## What you should do:
Output every record exactly and leave each picture out.

Data items:
============================================================

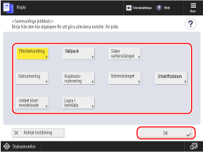 Konfigurera kopieringsinställningarna som ska tillämpas på alla original och tryck på [OK].
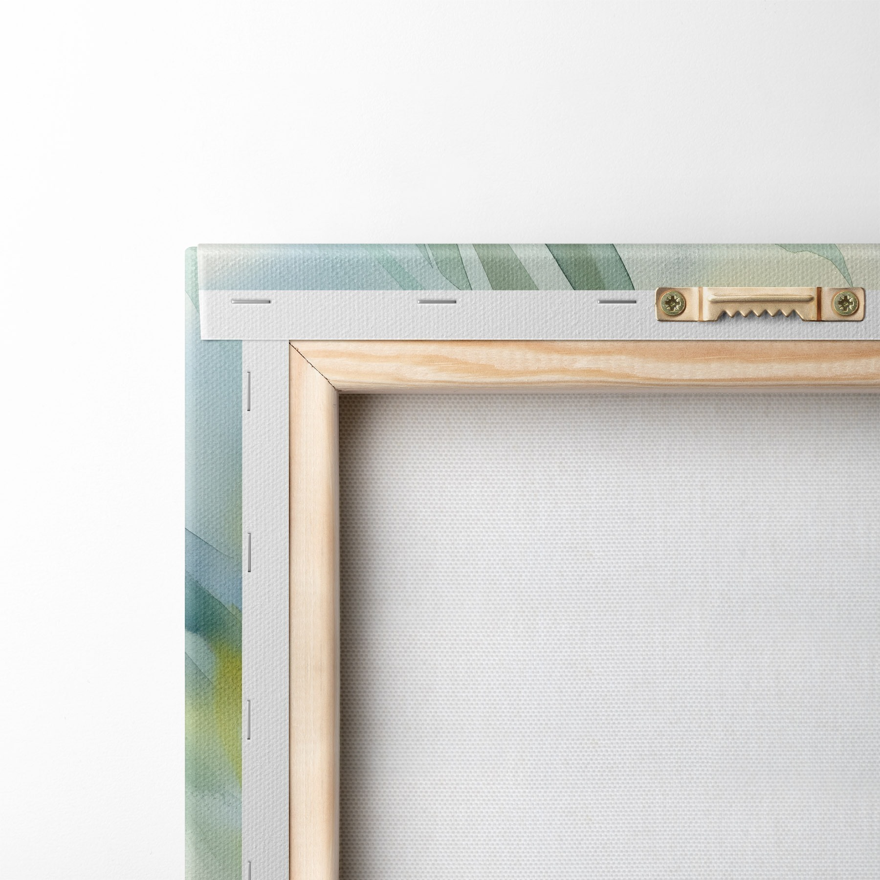 Om het doek op te spannen op spielatten zonder de afbeelding te beschadigen, gebruiken we gespiegeld beeld.
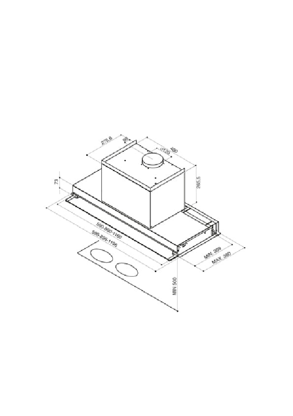 • Immagine Prodotto - CAPPA IN-NOVA AIR X KL A120/2 - in colore acciaio inox - codice prodotto 305.0615.701 - nella misura  - tipologia cappa a incasso
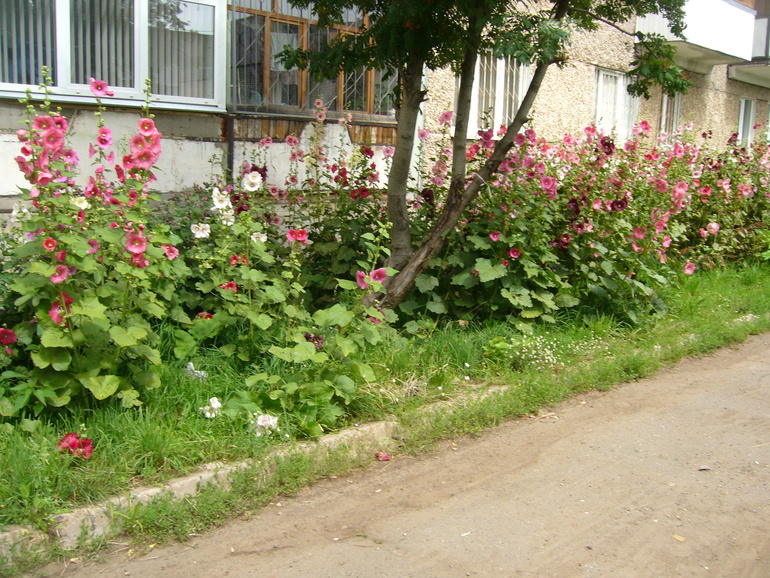 ДвухлетникиВот такая красота распускается у нас под окнами городской квартиры!!! Это мальва. Размножается самосевом,растет как сорняк,никто за ней не ухаживает. А смотрится очень красиво.
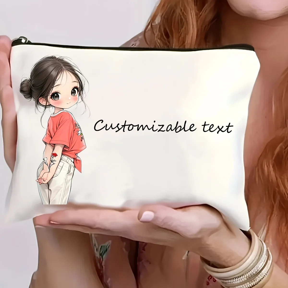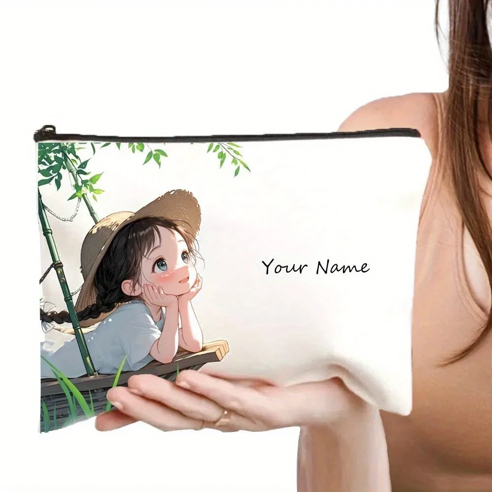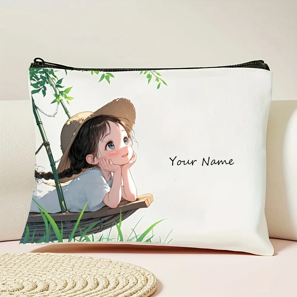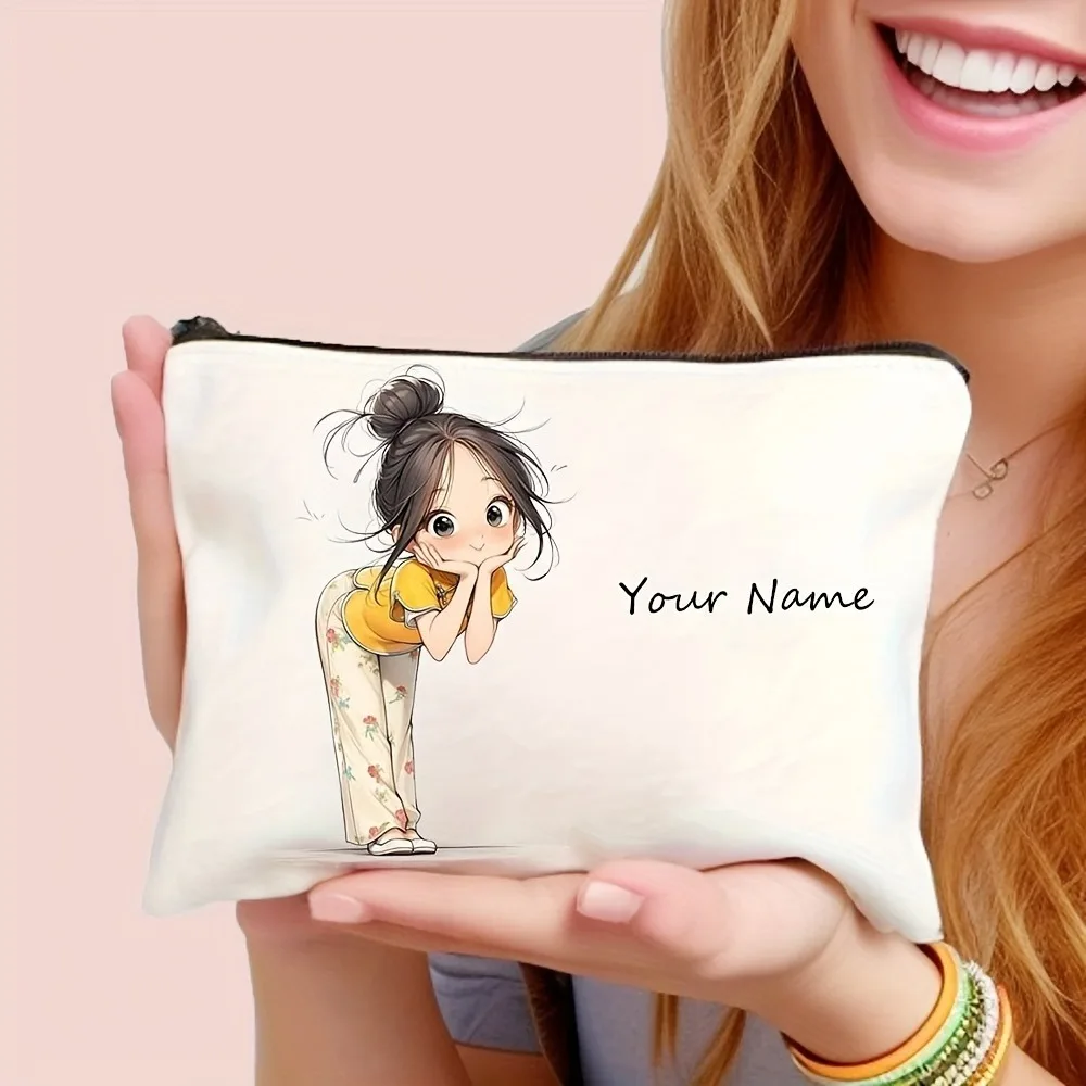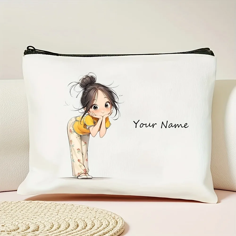 Chic Custom Name Unique Vintage Cute Floral Makeup Bags for Girls Cosmetic Pouch Toiletry Bag Pencil Case Travel Storage Handbag
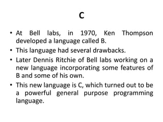Introduction to C Programming - Richie develop the UNIX operating ...
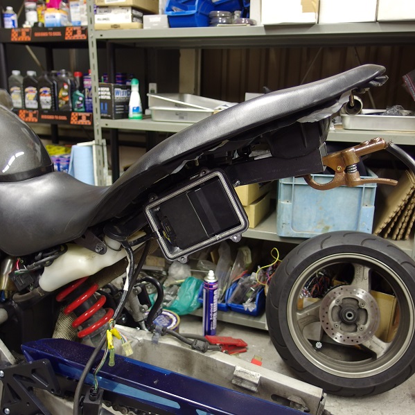 テールカウルと共にサイドカバーも外した為、バッテリーがむき出しになってしまいましたが・・・
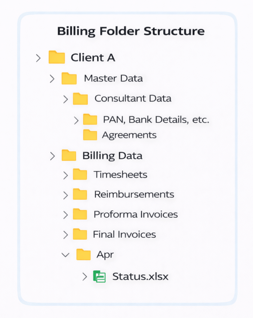 Since it was a startup, the team was initially small, volumes were manageable, and coordination was mostly informal. Invoicing was therefore handled manually. However, as the business expanded – with more clients, more consultants, and increasing billing variations – the same system began causing delays and confusion.
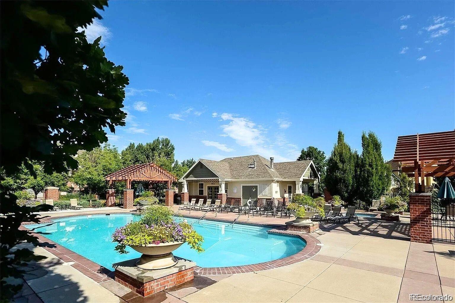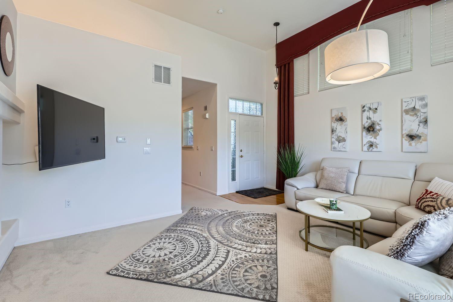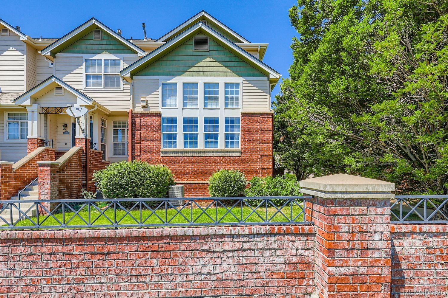 Pet Free & Smoke Free Home! Rare large and beautiful end-unit townhome available in desirable Kensington community. This spacious light and bright 3-bedroom, 3.5-bathroom home features a 13’ vaulted ceiling in the living room, wood blinds throughout, wood floors in kitchen and dining room, and an attached 2-car garage. From the minute you walk in the front door, you’ll notice the architectural details that flow throughout—arch niches, ledges, shelves, tray ceiling in the dining room, French doors to the dining and master-bedroom patios—all giving you an individualized custom-built feeling. Upgraded features include custom drapery in the living room, marble backsplash in the kitchen, Elfa closet system in master bedroom, retractable sunscreen on the kitchen patio, security alarm, and hook-up ready television wall mounts in master bedroom and living room. A Cherry Creek school community, this townhome also features a resort-like swimming pool, hot tub, and several dog walk areas. Nestled-in highly desirable & centrally-located neighborhood – a prime, convenient location with easy access to excellent dining, entertainment, Denver International Airport (DIA), and shopping, including Costco, Target, Sprouts, TJ Maxx, and so much more! Don’t miss out this one will go quickly!!!
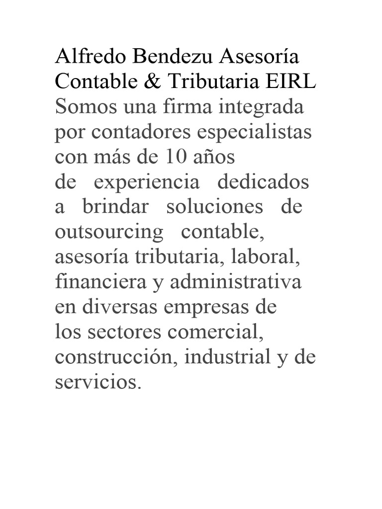 Alfredo Bendezu Asesoría Contable & Tributaria EIRL

============================================================

## Exercise result:
 Konfigurera kopieringsinställningarna som ska tillämpas på alla original och tryck på [OK].
 Om het doek op te spannen op spielatten zonder de afbeelding te beschadigen, gebruiken we gespiegeld beeld.
 • Immagine Prodotto - CAPPA IN-NOVA AIR X KL A120/2 - in colore acciaio inox - codice prodotto 305.0615.701 - nella misura  - tipologia cappa a incasso
 ДвухлетникиВот такая красота распускается у нас под окнами городской квартиры!!! Это мальва. Размножается самосевом,растет как сорняк,никто за ней не ухаживает. А смотрится очень красиво.
 Chic Custom Name Unique Vintage Cute Floral Makeup Bags for Girls Cosmetic Pouch Toiletry Bag Pencil Case Travel Storage Handbag
Introduction to C Programming - Richie develop the UNIX operating ...
 テールカウルと共にサイドカバーも外した為、バッテリーがむき出しになってしまいましたが・・・
 Since it was a startup, the team was initially small, volumes were manageable, and coordination was mostly informal. Invoicing was therefore handled manually. However, as the business expanded – with more clients, more consultants, and increasing billing variations – the same system began causing delays and confusion.
 Pet Free & Smoke Free Home! Rare large and beautiful end-unit townhome available in desirable Kensington community. This spacious light and bright 3-bedroom, 3.5-bathroom home features a 13’ vaulted ceiling in the living room, wood blinds throughout, wood floors in kitchen and dining room, and an attached 2-car garage. From the minute you walk in the front door, you’ll notice the architectural details that flow throughout—arch niches, ledges, shelves, tray ceiling in the dining room, French doors to the dining and master-bedroom patios—all giving you an individualized custom-built feeling. Upgraded features include custom drapery in the living room, marble backsplash in the kitchen, Elfa closet system in master bedroom, retractable sunscreen on the kitchen patio, security alarm, and hook-up ready television wall mounts in master bedroom and living room. A Cherry Creek school community, this townhome also features a resort-like swimming pool, hot tub, and several dog walk areas. Nestled-in highly desirable & centrally-located neighborhood – a prime, convenient location with easy access to excellent dining, entertainment, Denver International Airport (DIA), and shopping, including Costco, Target, Sprouts, TJ Maxx, and so much more! Don’t miss out this one will go quickly!!!
 Alfredo Bendezu Asesoría Contable & Tributaria EIRL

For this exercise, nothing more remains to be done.